To: jlallen who wrote (20087)6/4/2000 11:58:00 AM
From: chalu2  Read Replies (1) | Respond to of 769667
 
Oh, but counselor, I'm afraid you did not read carefully!!!!! You made certain incorrect assumptions. LOL

The article was about the legacies left by native New Yorkers who became prominent in politics. The references were to Theodore Roosevelt and former New York Mayor, Governor, Senator and presidential candidate DeWitt Clinton.

Some info on the latter:

dewitt clinton
governor of new york

biography
A lawyer and statesman, DeWitt Clinton was born in Little Britain, New York, and as such was educated at Columbia College. Three years after graduating form his college in 1786, Clinton was admitted to the bar, became secretary to his uncle, George Clinton, who was the governor of New York. Soon after, he became a member of the Anti-Federalist party.

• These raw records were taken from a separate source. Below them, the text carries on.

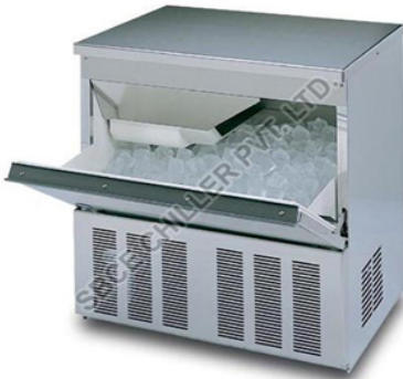
ICE MAKING MACHINE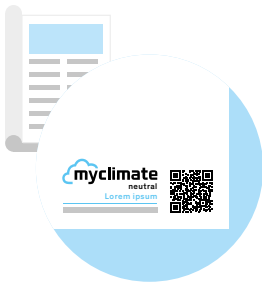
Label with tracking number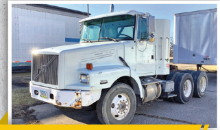
1998 VOLVO WG, day cab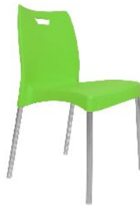
FIBER CAFE CHAIR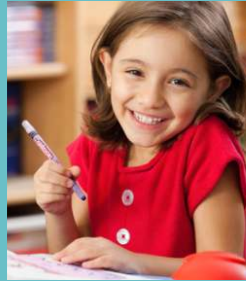
Our children benefit from special ability groups

OUR TWO YEAR GROUPS are taught in a variety of settings so that our children benefit from working with both banded and mixed-ability groups. We have a long-established tradition of recognising individual needs and by creating special ability groups, we enable all our children to realise their full potential.

He was a member of the New York state legislature from 1797 until 1802, when he became a member of the U.S. Senate. However, he later resigned in 1803 in order to serve as mayor of New York City, and thus he served in that capacity with two brief interruptions until 1815.

In 1812, he ran unsuccessfully for the U.S. presidency against James Madison. One of Clinton?s most lasting accomplishments as a leader in civic and state affairs was the establishment of the New York public school system; actively interested in all scientific and social questions, he encouraged steam navigation, modified the laws governing criminals and debtors, and advocated the building of the Erie Canal.

On the strength of the canal question, which he had made a political issue, Clinton was elected as governor of New York, serving from 1817 to 1823. In the first year of his third term, he opened the canal at Rome, New York for navigation.



To: jlallen who wrote (20087)6/5/2000 10:54:00 AM
From: Alexandermf  Read Replies (2) | Respond to of 769667
 
JLA. On the issue of Roosevelt, you better talk to the
elderly who worked in the CCC camps, WPA program etc. I
vaguely remember the ladies in my neighborhood making mattresses, and the men working on the roadside. I am just
a bit too young to remember the Depression of 29' and I
was a little barefoot hillbilly' gal in that time warp'
however my 103 year old Mother who is a staunch Republican and still believes Nixon was innocent;-) has many stories of
her work in the Village Store and my deceased fathers help
in keeping the Neighborhood fed, She has no complaints about Roosevelt, except he was not a Republican ;-) History cannot be revised by those who were not there, can it?????